Chiasmocleis cordeiroi is a species of frog in the family Microhylidae. It is endemic to Bahia in eastern Brazil. It is known from Camamu, its type locality, and from few other localities on both sides of the De Contas River. The specific name cordeiroi honors Paulo Henrique Chaves Cordeiro, a Brazilian biologist. Common name Cordeiro's humming frog has been coined for this species.

==Description==
The type series consists of two adult males measuring 20–22 mm in snout–vent length. The body is ovoid in shape. The snout is short. No tympanum is present. The fingers lack webbing. The hind limbs are robust and the toes have well-developed webbing. Preserved specimens are uniformly dark brown. The lower parts are cream-colored with fine, darker marbling. Males have a small subgular vocal sac.

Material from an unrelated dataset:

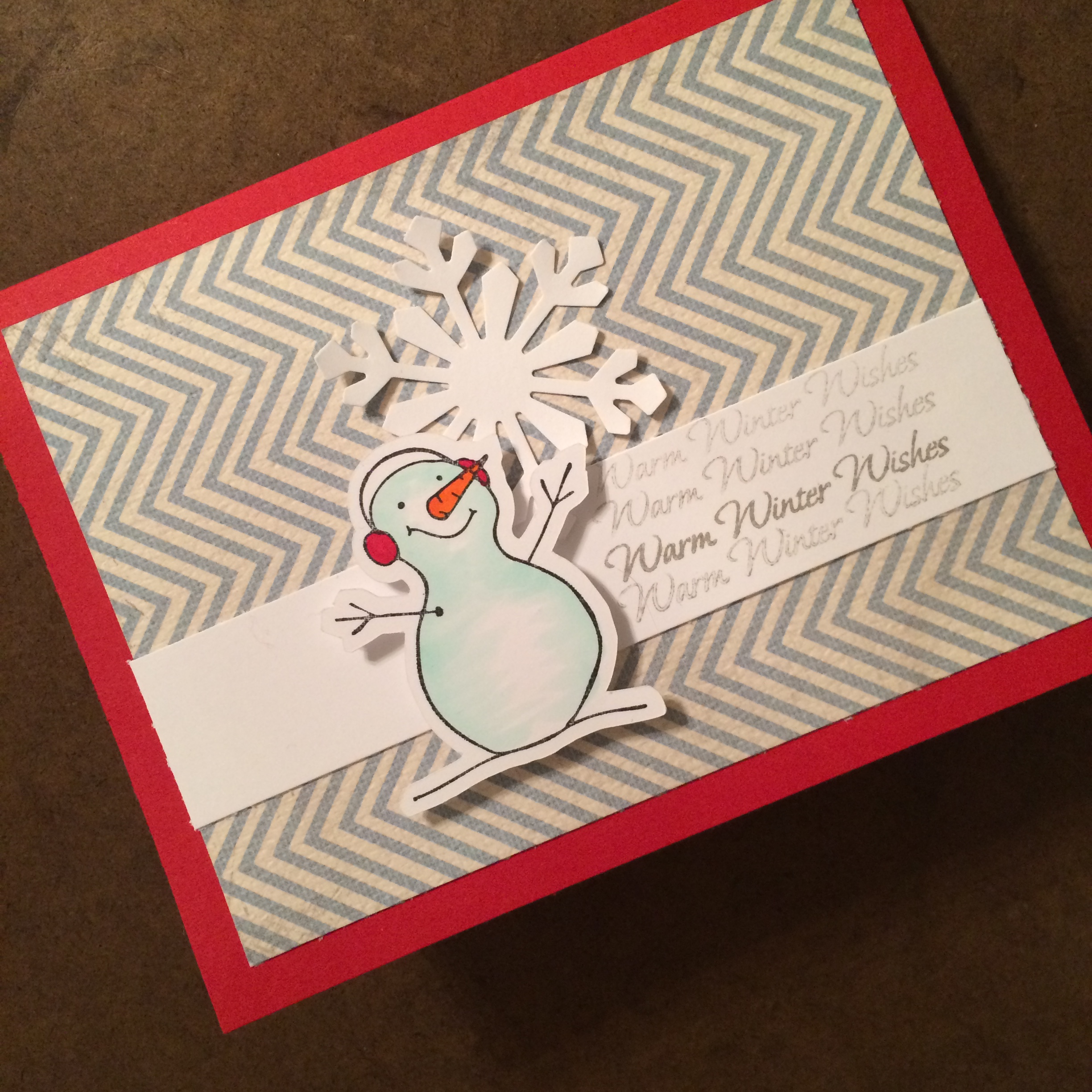 Karissa send me this card and I love how the brother machine cuts out the snowman…so precise and nice.  Remember that brother is offering a $50 gift card for purchasing a machine until Saturday the 13th!  I also like how Karissa used the Warm Winter Wishes by 2nd & 3rd generation stamping.  Stamps Used:  EE47 KB’s Ear Muff Snowman, Lg; C186 Warm Winter Wishes

The male advertisement call consists of multi-pulsed notes produced in series lasting 1.3–27 seconds. Each call has 9–182 notes with dominant frequency of 4500–4898 Hz.

==Habitat and conservation==
The type series was collected in a temporary pool at 120 m above sea level. The pool was located within tropical forest consisting of a mix of early secondary growth and good cover forest. Another population was found during breeding event in a temporary pond where hundreds of males were heard calling. The pond was located inside a rubber plantation next to an Atlantic Forest fragment.

As of 2004, threats to this species were unknown. One population is found in the Michelin Ecological Reserve, Igrapiúna.